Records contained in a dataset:
______
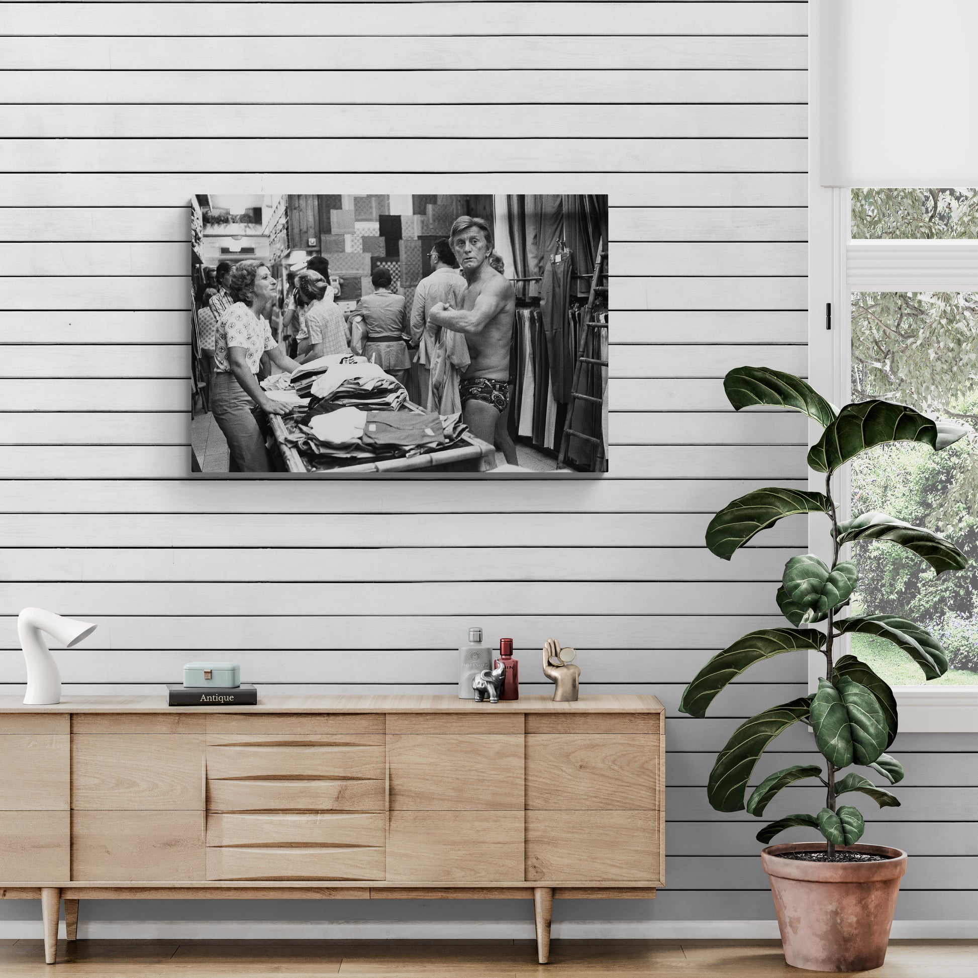 Cette photo prise en 1975 par Daniel Angeli, nous plonge dans une scène estivale atypique avec Kirk Douglas en plein essayage dans une petite boutique tropézienne. L'acteur légendaire incarne l'essence même de l'insouciance et du charme alors qu'il n'hésite pas à se mettre torse nu devant la vendeuse et les clients. Cette photographie est un ajout décoratif incomparable, idéal pour apporter un esprit vintage et une touche de glamour hollywoodien à tout intérieur.
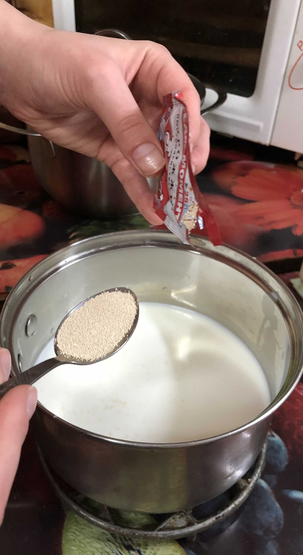 Для приготовления понадобятся мука, яйца, фарш, молоко, варенье, дрожжи, сахар, соль. Все это смешиваем(взбиваем),
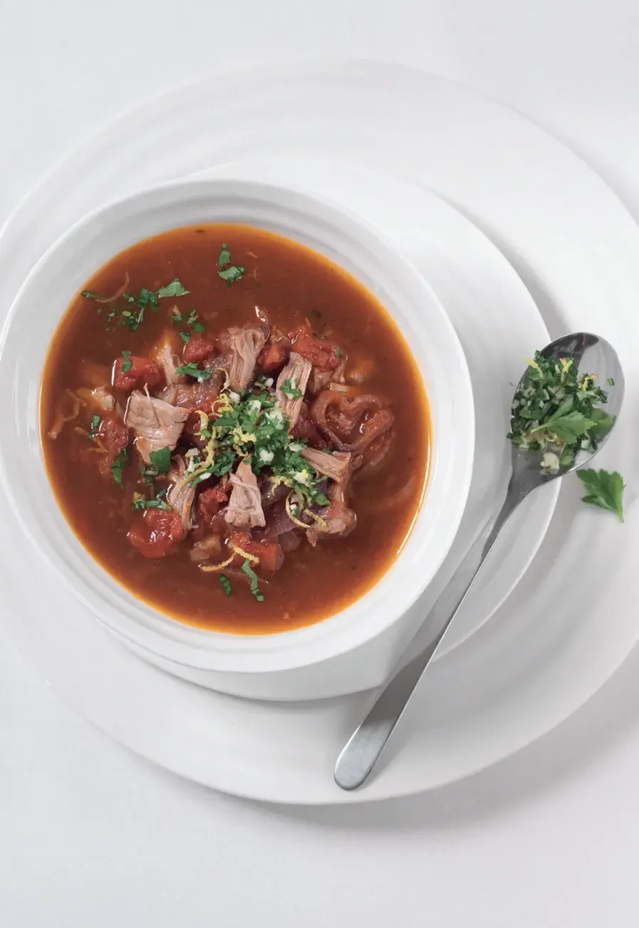 Masový vývar, ossobuco společně vytvoří báječnou chuť polévky. Posypejte voňavou směsí z petrželky, citronové kůry a česneku. Polévku můžete přiostřit trochou chilli.
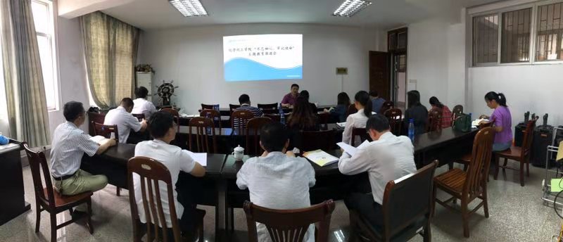9月25日,化学化工公司党委在化工楼312会议室召开“不忘初心、牢记使命”主题教育推进会,会议由公司党委书记曾荣今教授主持,全院处级以上领导干部、教职工党支部书记、员工党支部书记参加。
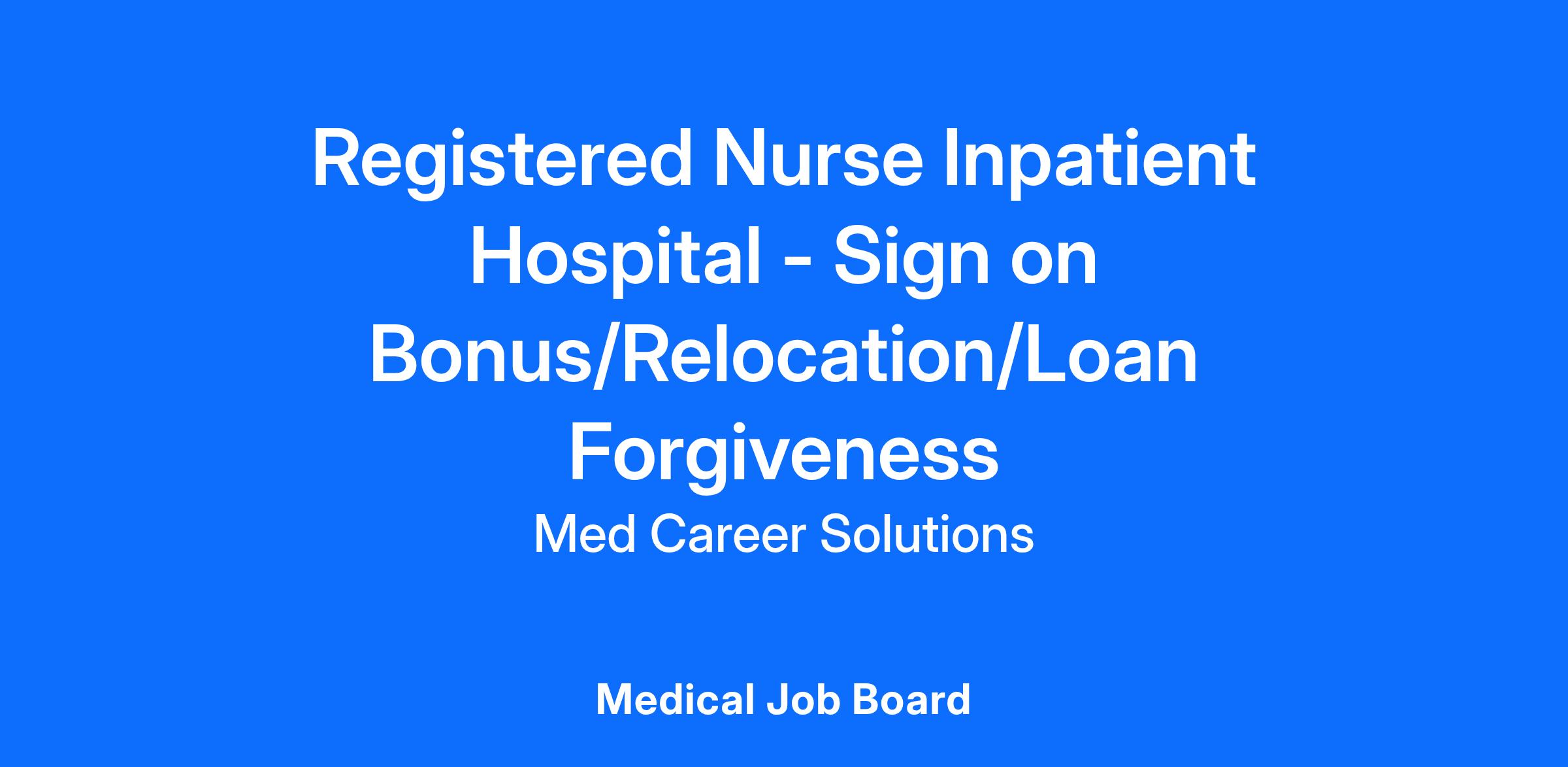 ***SIGN ON BONUS / LOAN FORGIVENESS / RELOCATION ASSISTANCE OFFERED***
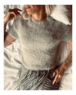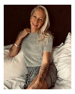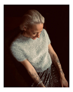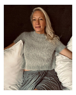 The Marilyn sweater is worked top-down and includes German short rows at the back neck for a better fit. The chosen yarn is perfect for this: it adds a light halo and luxurious softness. The ribbing is finished with a striking Italian bind-off. Wear your Marilyn sweater to a party or for everyday life, wear it just for yourself or to turn heads — imagine how lovely it would be in red or black. I might have to cast on a second one immediately.
______
→ Exercise prompt: Only the lines from the one that holds "Для приготовления понадобятся" through the end of the records above should be printed again, exactly as they are. Leave out the pictures.

→ Response area:
 Для приготовления понадобятся мука, яйца, фарш, молоко, варенье, дрожжи, сахар, соль. Все это смешиваем(взбиваем),
 Masový vývar, ossobuco společně vytvoří báječnou chuť polévky. Posypejte voňavou směsí z petrželky, citronové kůry a česneku. Polévku můžete přiostřit trochou chilli.
9月25日,化学化工公司党委在化工楼312会议室召开“不忘初心、牢记使命”主题教育推进会,会议由公司党委书记曾荣今教授主持,全院处级以上领导干部、教职工党支部书记、员工党支部书记参加。
 ***SIGN ON BONUS / LOAN FORGIVENESS / RELOCATION ASSISTANCE OFFERED***
 The Marilyn sweater is worked top-down and includes German short rows at the back neck for a better fit. The chosen yarn is perfect for this: it adds a light halo and luxurious softness. The ribbing is finished with a striking Italian bind-off. Wear your Marilyn sweater to a party or for everyday life, wear it just for yourself or to turn heads — imagine how lovely it would be in red or black. I might have to cast on a second one immediately.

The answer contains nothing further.